From the records below, print only the part that opens with the line containing "良い姿勢で過ごす大切さについ" and closes with the line containing "2022-2023学年度第二"; omit the pictures.

■ Data shown ■
══════════
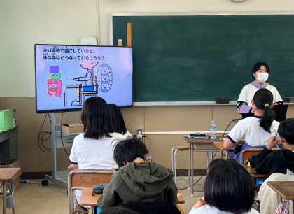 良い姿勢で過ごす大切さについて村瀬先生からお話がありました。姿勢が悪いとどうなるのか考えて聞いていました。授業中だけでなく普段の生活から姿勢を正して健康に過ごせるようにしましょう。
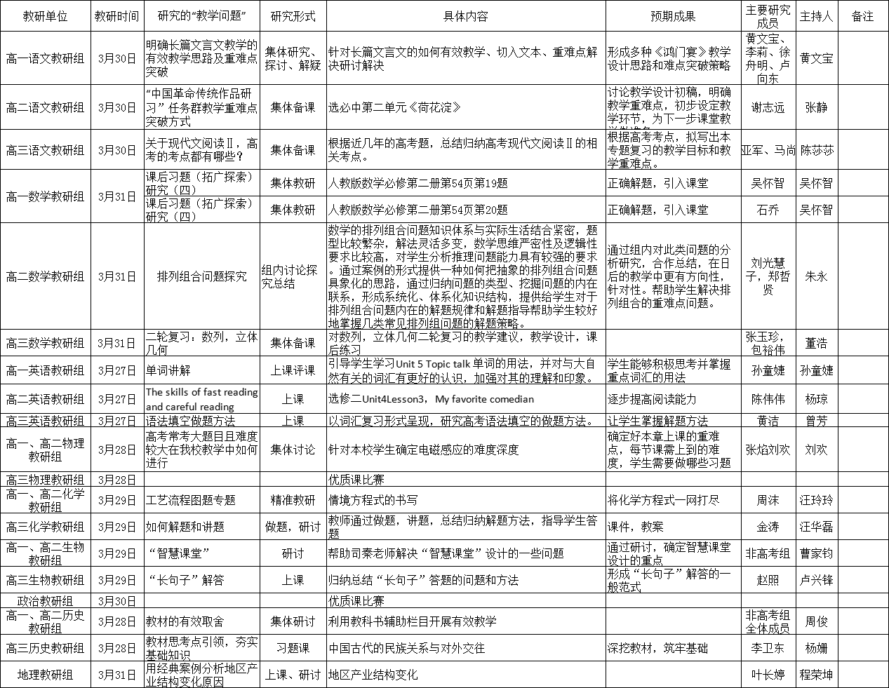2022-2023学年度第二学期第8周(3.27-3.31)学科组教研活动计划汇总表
══════════
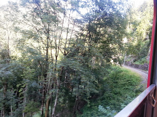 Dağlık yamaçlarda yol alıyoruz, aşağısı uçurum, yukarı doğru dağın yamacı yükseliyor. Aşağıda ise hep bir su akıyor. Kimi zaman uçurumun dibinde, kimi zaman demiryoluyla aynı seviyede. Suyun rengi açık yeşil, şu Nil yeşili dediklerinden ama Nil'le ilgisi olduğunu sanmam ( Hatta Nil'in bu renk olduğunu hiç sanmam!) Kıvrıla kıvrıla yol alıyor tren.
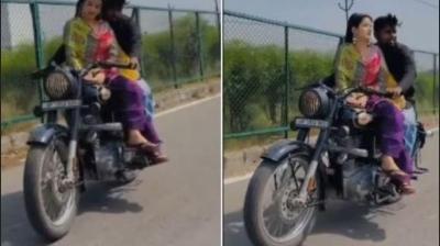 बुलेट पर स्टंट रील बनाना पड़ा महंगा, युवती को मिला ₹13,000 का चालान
══════════
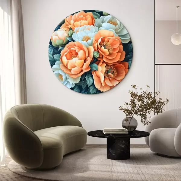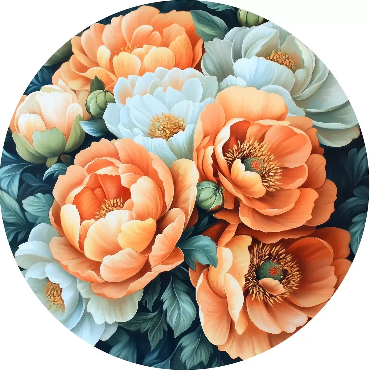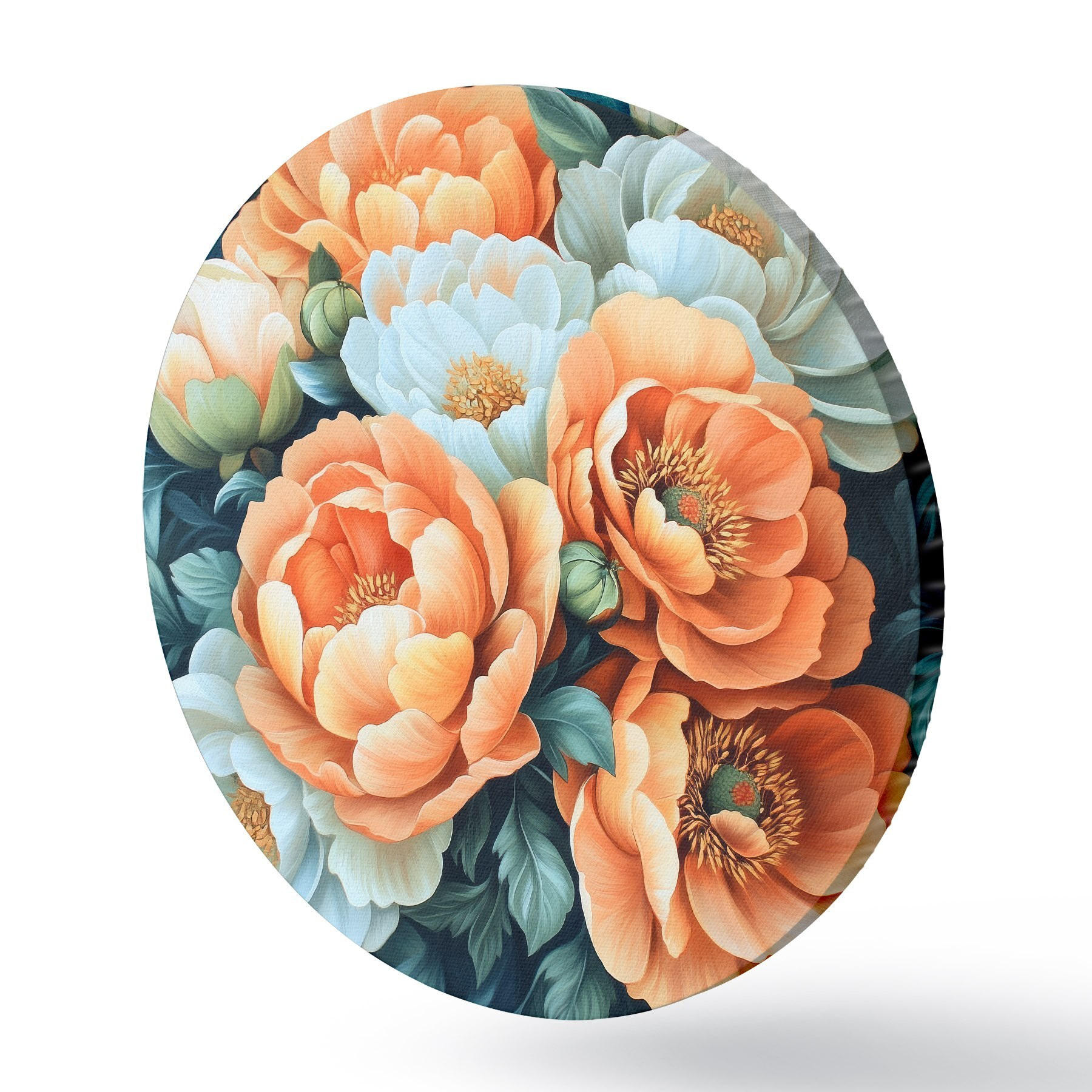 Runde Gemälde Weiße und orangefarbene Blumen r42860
══════════
■ Answer below ■
 良い姿勢で過ごす大切さについて村瀬先生からお話がありました。姿勢が悪いとどうなるのか考えて聞いていました。授業中だけでなく普段の生活から姿勢を正して健康に過ごせるようにしましょう。
2022-2023学年度第二学期第8周(3.27-3.31)学科组教研活动计划汇总表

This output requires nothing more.